I Still Hate My Neighbors

I admit, we’re not the ideal neighbors.  Our yard isn’t lush and immaculate, our bushes aren’t trimmed into lovely little topiaries, sometimes our vines climb over our fence and we’re not the sort to hang holiday appropriate decorations on our door.  However, we’re great if you like people who keep to themselves and won’t insert themselves into your business.  Feel like burying bodies in the backyard? We don’t care as long as it’s not midnight and you didn’t invite a band to perform in your backyard to celebrate the demise of your arch nemesis as you dig merrily away.  Want to spray paint your house electric purple, line the yard with gnomes and cheap plastic flamingos? Nice! I personally won’t call the HOA.

As most of you know, though, I hate one set of neighbors and I’m sure they’d be the first to point a fat finger in my direction and shout, “right back atcha”.  The problem really boils down to us not meeting their ideal neighbor standards.  Like the time we let our dog bark, because dogs bark and they had to scream over the fence that the police might be called or the time when our crepe myrtle had a wandering branch they had to lop off before it dangled over their yard or when our yard’s grass was too high on the side of our house that faced theirs, so they were compelled to mow it, or the time that there was a tendril of grass that went over our driveway and they were forced to call the HOA so a warning could be issued.  (I’m not exaggerating there – it was literally ONE tendril of grass.) On two occasions we even had our dog in our yard on a leash when their unleashed kick-me poodle charged over snarling and snapping.  I mean, what the heck were we thinking having Sam in the front?  That was a favorite moment – Sam was cowering behind my legs and the woman stomped over to seize her delightful little ball of snarling joy and demanded to know what Sam had done to provoke the dog from our porch.  I think it’s called “breathing” – sorry about that.

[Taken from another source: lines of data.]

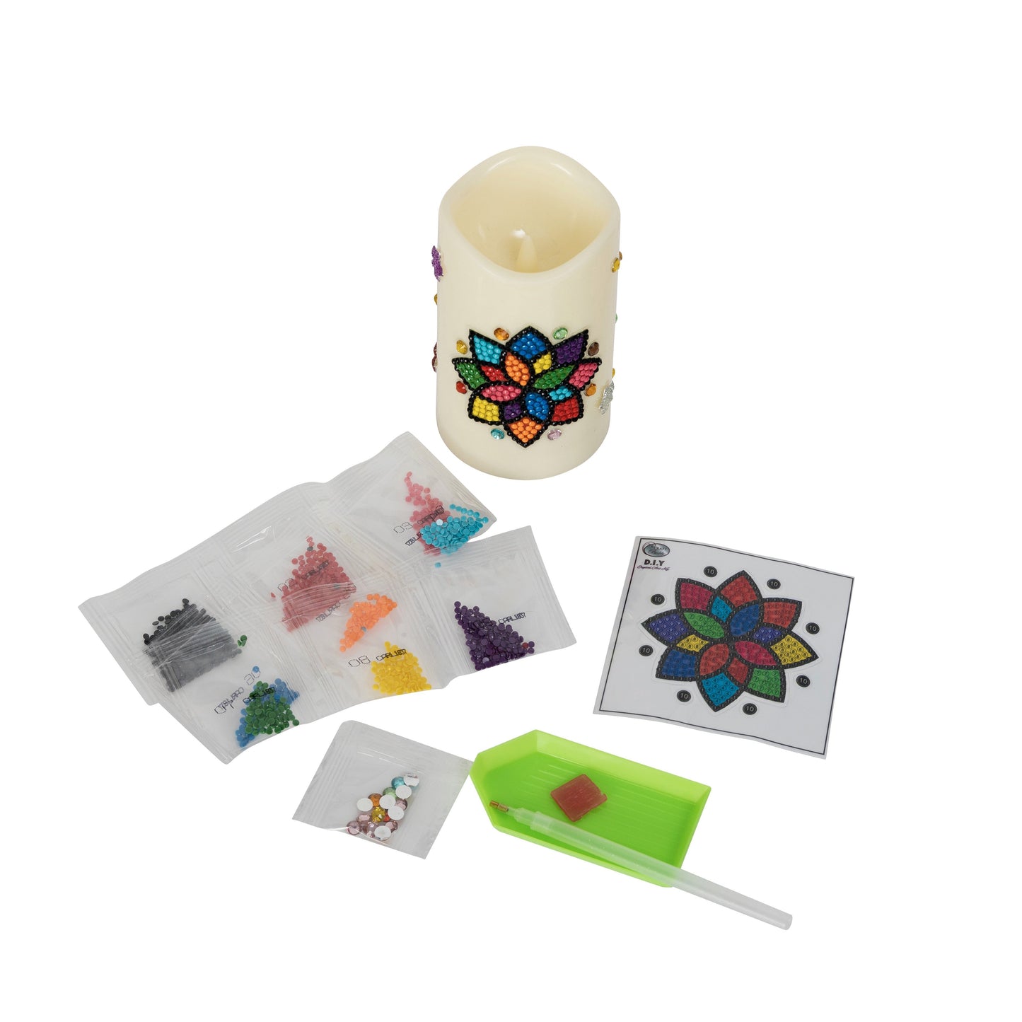 Each kit contains 1 Crystal Art motif and corresponding crystals, a pick up pen, wax and tray.
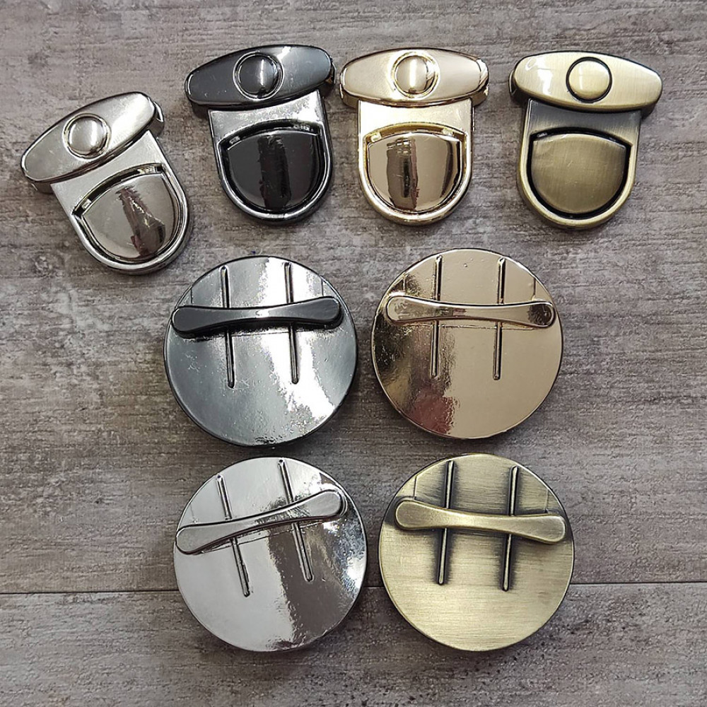 Металлические замки для барсеток, портфелей и сумок, цвет под золото, серебро, темная латунь, серо-черный
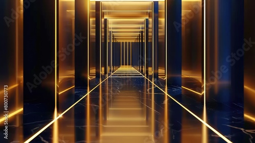 Obraz premium Symmetrical perspective of modern corridor with glowing gold and blue lights
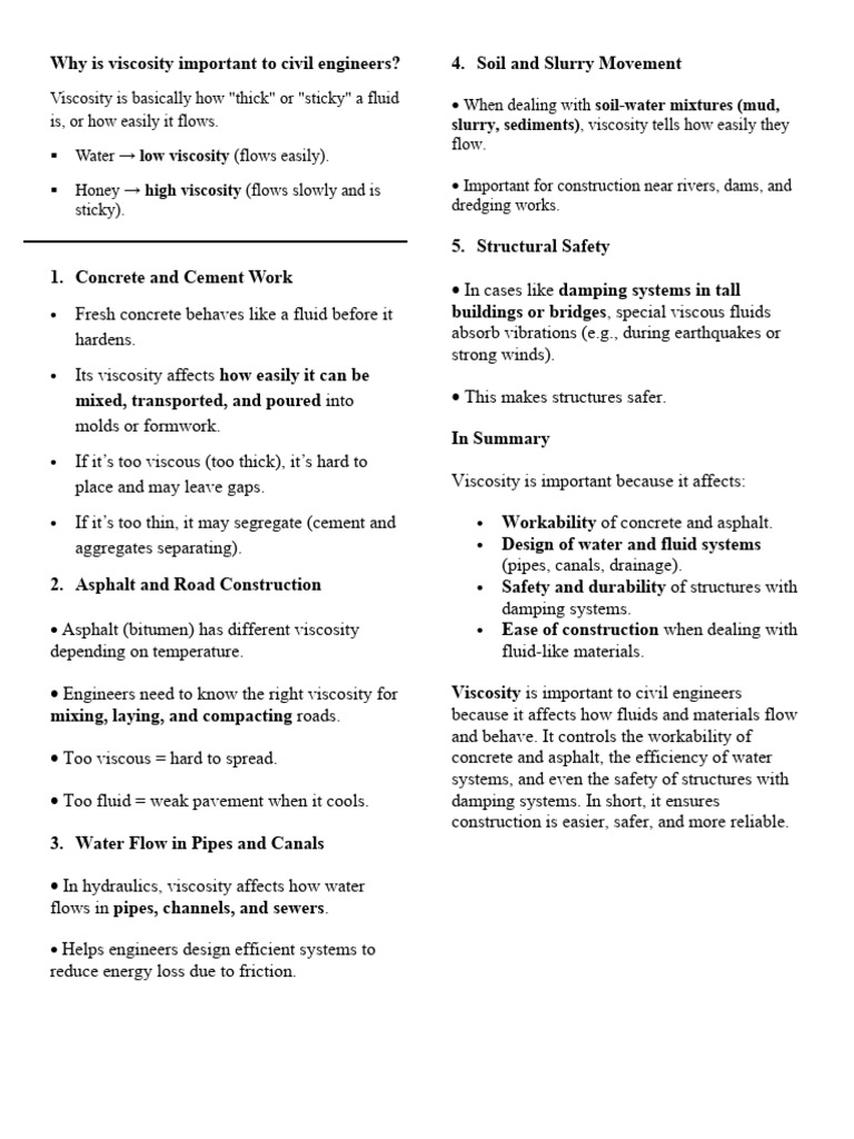 Why is viscosity important to civil engineers? 4.
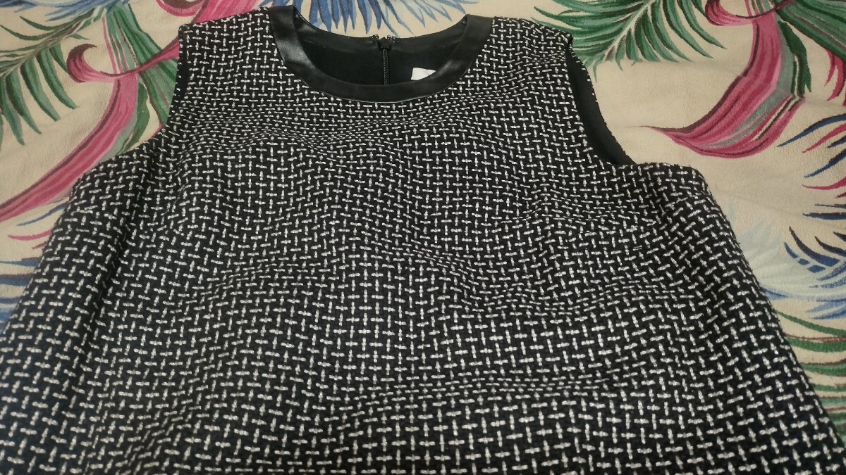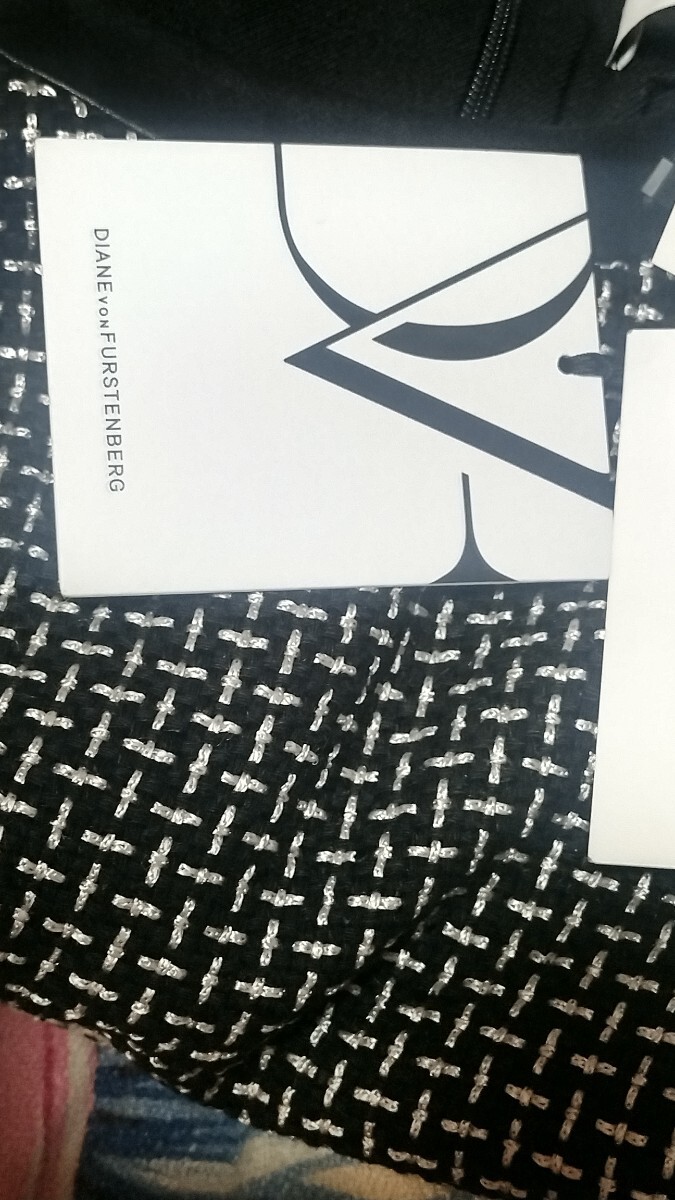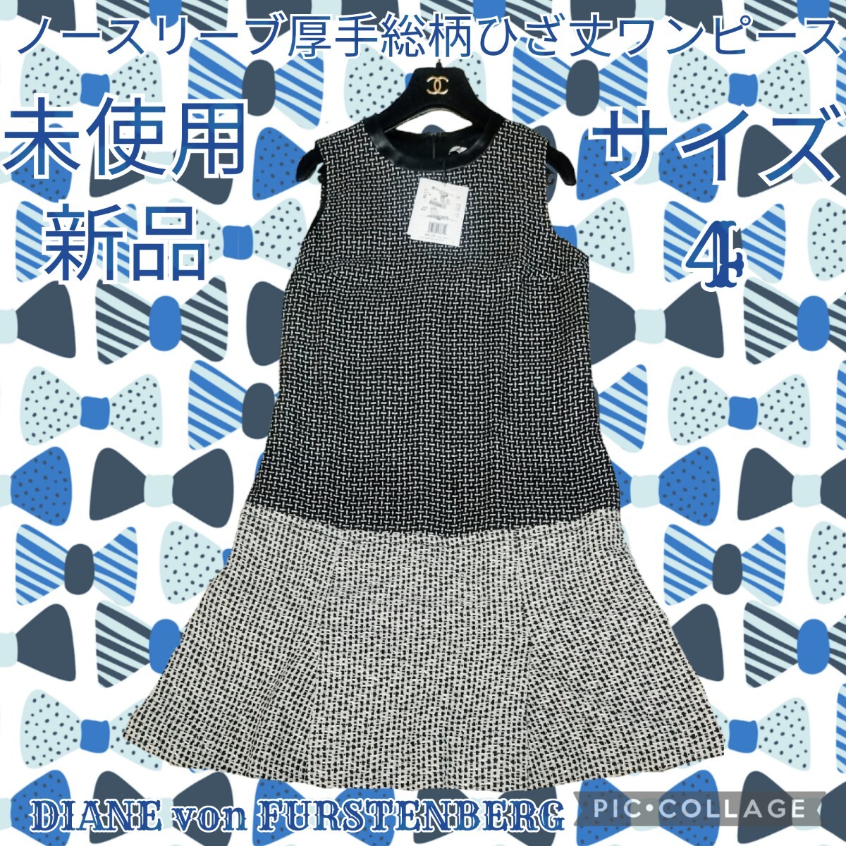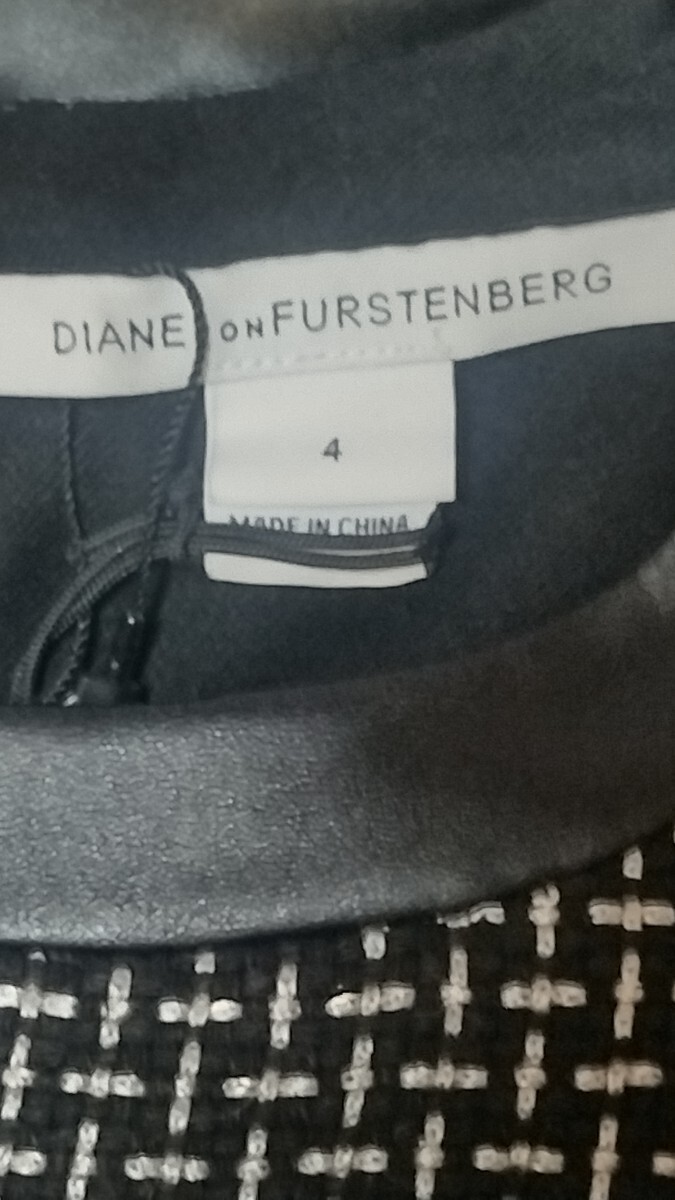 DIANE von FURSTENBERGのノースリーブ厚手合皮襟総柄バイカラーひざ丈フレアワンピースになります。

A few months ago we received an anonymous note stating a fence post was broken.  We own the fence that is shared and it’s our responsibility to fix it.  Unfortunately, we had some major things happening at the time and we have not been in a position to fix the fence.  That’s not a great excuse, but it explains why it didn’t look as lovely as it could.  On a plus side, it was still standing, but at about an 85⁰ angle instead of the more lovely 90⁰.  We were (and still are) waiting for financial things to straighten themselves out before we could look into attacking the fence.

I wasn’t aware of that note until Saturday when Jay said I needed to watch Sam in the backyard because our neighbors had busted down the fence.  What?  Other than the anonymous note, there was no further communication about the fence – no note on the door, no drop-by to inform us that they were about to tear down that section.  Granted we live so very far that it’s difficult to walk the whole 100 feet to the door, but still it would have been nice for the self-righteous bitch to meander over – maybe leave another anonymous “Hey Neighbor” note.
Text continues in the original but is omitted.